# Does anyone shoot diamond by bowtcech???



## 2wyoming (Sep 5, 2007)

Theres many people here on AT that shoot Diamond.

Just wait a few hours til they get out of school, and get on.
Im sure youll get many responses


----------



## toyatacoma (Nov 17, 2007)

my friend has a diamond and he seems to love it


----------



## tylerolsen12 (Feb 8, 2007)

i have one it was a great bow smooth and decently fast i have an 06 victory i gave ti to my dad when i bought my hoyt last year that was 5 months ago and now i am back to bowtech


----------



## jrmysell (Mar 13, 2008)

I am looking to get a new bow the diamond bows look pretty cool.


----------



## Rory/MO (Jan 13, 2008)

you can just say diamond you dont have to say diamond by bowtech
lol


----------



## pinkliberty2010 (Jan 13, 2008)

I don't have a diamond edge but I do have a Diamond Liberty. I've worked on all kinds od diamond bows and honestly they're the only thing I'll shoot. I got my liberty for chrismas this year and I almost decided on getting an edge instead of my liberty. But I had to have my custom and unique one.


----------



## master hunter (Oct 9, 2007)

toyatacoma said:


> my friend has a diamond and he seems to love it


ya chris said that the only bow he likes


----------



## bowman221 (May 10, 2008)

I shoot a Diamond Edge 40# dialed back to 35# with a 24" draw...rolls smooth,nice dropoff,fairly accurate with factory package sights and arrow rest.


----------



## predatorboy13 (May 1, 2008)

i shoot the same with the boondocks package and 50 pound draw


----------



## Arrow_slinger43 (May 16, 2007)

i do, i shoot the black ice and love the thing. Getting some of my better groups with it.


----------



## black_ice_84 (May 16, 2008)

i started out with the diamond edge boondock package to get started in bowhunting last year, it was small for me, but i adjusted. i just didnt want to spend awhole lot of money and not like bow hunting, but i am hooked. about a week ago i bought a black ice and love it, that thing is super fast and powerful, i love it, and as far as im concerned,that is all i will shoot, no matter what my matthew shootin budies say ;p


----------



## b18intega (Nov 25, 2007)

i love my little youth bow (bowfishin) i got the edge too with 50#


----------



## hotdog71 (Nov 4, 2006)

i love my diamond liberty, the 70lb draw is super smooth, its super quiet with string whiskers and lore stabilizer and super fast for a 450g arrow, ive shot a mathews, they shoot sweet but would never hang up my bowtech :wink:


----------



## girlhunter (Apr 30, 2008)

predatorboy13 said:


> I am yet to find anyone else that is shooting a diamond bow by bowtech.
> 
> 
> I'm shooting a edge by diamond and it is amazing i wouldnt trade it for another bow!!!
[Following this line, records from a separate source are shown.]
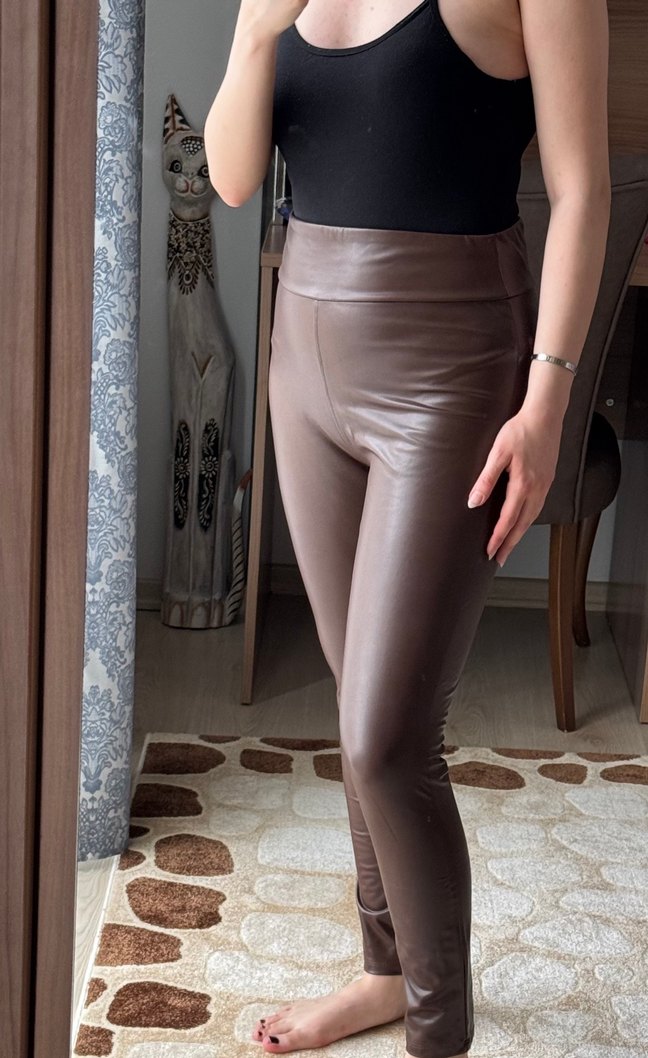 Kahverengi deri, kemerli ve vücuda oturan kadın tayt, günlük sokak stili için uygundur. ✨Hiç giymedim.Kusuru yok.
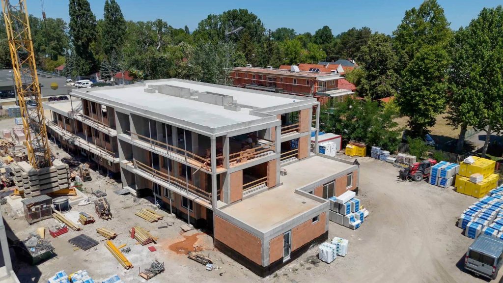 Fontos mérföldkőhöz érkezett a MyLelle Residence építése Balatonlellén: a két kétemeletes épületben kialakítandó 74 apartman szerkezetkész állapotba került. A fő tartószerkezetek elkészültek, a kivitelezés következő fázisaiban a homlokzat, a belső terek és a gépészeti rendszerek kialakítása zajlik majd.
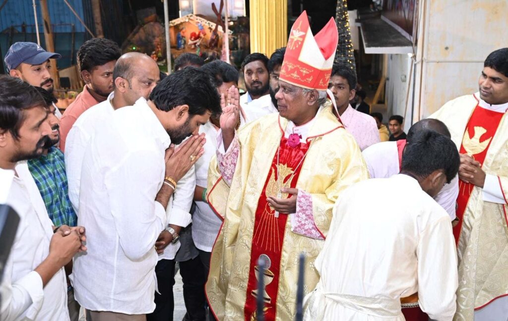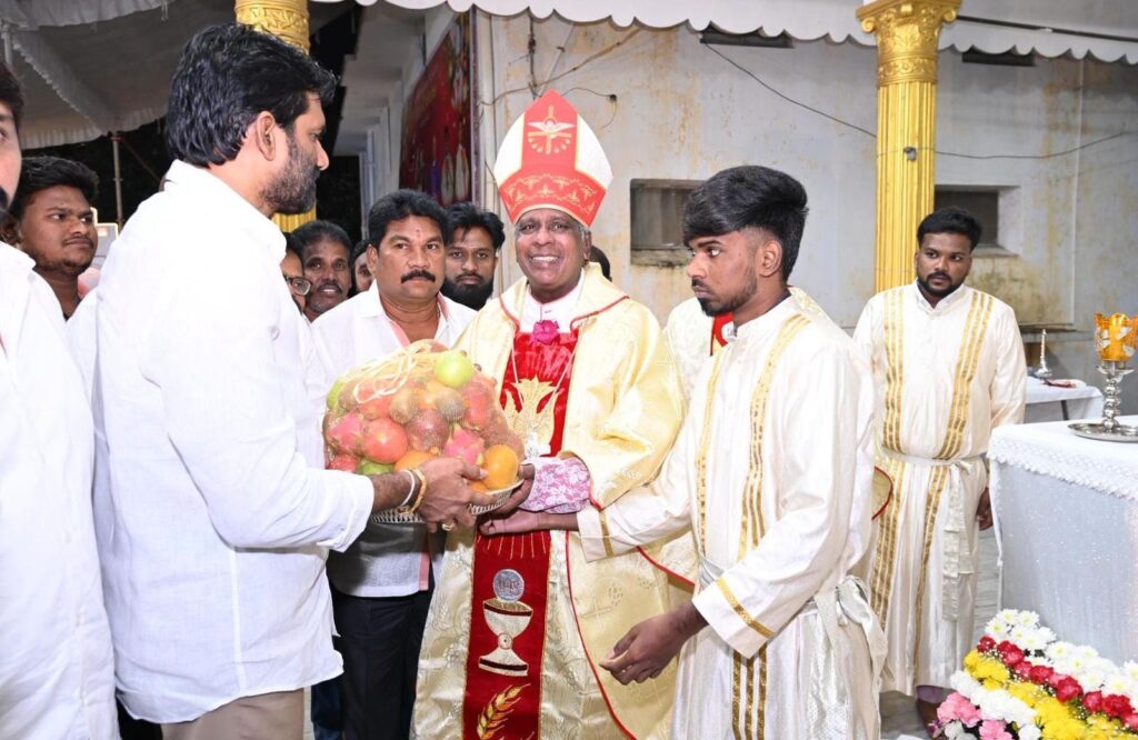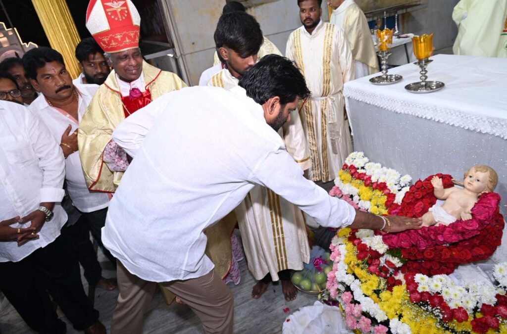 మన ధ్యాస,నెల్లూరు, డిసెంబర్ 25 :నెల్లూరు సంతపేట కేథడ్రల్ చర్చ్ లో బాలయేసు జన్మదిన వేడుకలకు ఎమ్మెల్సీ పర్వతరెడ్డి చంద్రశేఖర్ రెడ్డి హాజరై బాలయేసు పుట్టుక ఘట్టాన్ని..తిలకించి.. బాలయేసుకు ప్రత్యేక ప్రార్థనలు చేశారు.ఈ సందర్బంగా పర్వత రెడ్డి చంద్రశేఖర్ రెడ్డి యేసుక్రీస్తు ప్రభువును దర్శించుకుని క్రీస్తుకు ప్రత్యేక ప్రార్ధనలు నిర్వహించారు.అనంతరం బిషప్ MD ప్రకాశం పర్వతరెడ్డి చంద్రశేఖర్ రెడ్డి కి క్రీస్తు ఆశీర్వచనాలు అందజేశారు. ఈ సందర్భంగా ఎమ్మెల్సీ పర్వత రెడ్డి చంద్రశేఖర్ రెడ్డి మాట్లాడుతూ…….క్రిస్మస్ పండుగ పర్వదినాన్ని పురస్కరించుకొని సంతపేట పెద్ద చర్చిలో ప్రార్థనలకు హాజరవడం ఎంతో సంతోషంగా ఉందని అన్నారు.సమాజం బాగుండాలి సమాజంలో శాంతి, సౌభాగ్యం, వెళ్లి విరియాలన్న ఆకాంక్షతో యేసుప్రభువుకు ప్రార్థనలు చేయడం జరిగిందన్నారు.క్రైస్తవులు అంటే ప్రధానంగా దయ, ప్రేమ, క్షమ, సేవ గుణాలు కలిగి కలిగి ఉంటారని తెలిపారు.ఈ సమాజంలో కూడా ప్రజల మధ్య ప్రేమ, దయా,క్షమ, సేవా గుణాలు అలవరాలని ప్రభువుకు వారు ప్రార్థనలు చేస్తుంటారని అన్నారు.క్రైస్తవులందరూ ఐక్యంగా క్రిస్మస్ పండుగను ఎంతో సంతోషంగా జరుపుకోవాలని ఆకాంక్షించారు.

um. my dad is looking to get me the edge by diamond. can u tell me some things about it. pm me!


----------



## b18intega (Nov 25, 2007)

i got one for bowfishin, i got 50# on it right now, pretty light need a 60# or 70#


----------



## Robinhooder3 (Jun 18, 2008)

I have an 07 justice.


----------



## bow_junkie (May 7, 2007)

i have an old diamond before bowtech bought them out. its slow but it is pinpoint accurate. it is by far the best bow that i have ever owned.


----------



## jrsarch (Apr 11, 2007)

2wyoming said:


> Theres many people here on AT that shoot Diamond.
> 
> Just wait a few hours til they get out of school, and get on.
> Im sure youll get many responses


i used to shoot hoyt, many different models. now i shoot a diamond....


----------



## gareed13 (Aug 14, 2007)

i got a diaomond edge i love it!!!


----------



## Byrd (Oct 18, 2002)

I have a 2008 Diamond Liberty and I have shot this bow better than any bow I have had and I think the number is up around 20 or more. Really like the invelvet finish on it.


----------



## predatorboy13 (May 1, 2008)

alright i loved the bow and it was a great bow but i moved on....
so now i have the cuda by elite archery and elite has to be the best bow i have ever touched all those others dont even compare!!!!!:wink:


----------



## kaibab-hunter74 (Dec 11, 2006)

predatorboy13 said:


> alright i loved the bow and it was a great bow but i moved on....
> so now i have the cuda by elite archery and elite has to be the best bow i have ever touched all those others dont even compare!!!!!:wink:


Elite pos............


----------



## younggun01 (Jul 30, 2006)

*diamond marquis*

im looking at the 08 dimond marquis. does anyone know if the draw lengths are ajustable. and do u have to buy new cams or is it just like an allen screw to take out and move? pm me please


----------



## jrmysell (Mar 13, 2008)

It takes modules so you just have to take 2 screws out.


----------



## possum boy (Sep 7, 2008)

i have an '07 black ice and i LOVE IT!!!


----------



## 3DBIGBULLX (Dec 30, 2004)

82nd Airborne for me!


----------



## Mattones (Sep 25, 2008)

i just bought a 2008 Justice today! and am loving it. Can't wait to hunt!


----------



## PA3-DArcher4 (Nov 5, 2008)

I got a Diamond RaptureLite. Too bad its goin on the AT classifieds after the season!!(grown out of it)


----------



## Evinrude (May 31, 2007)

Bowtech General


----------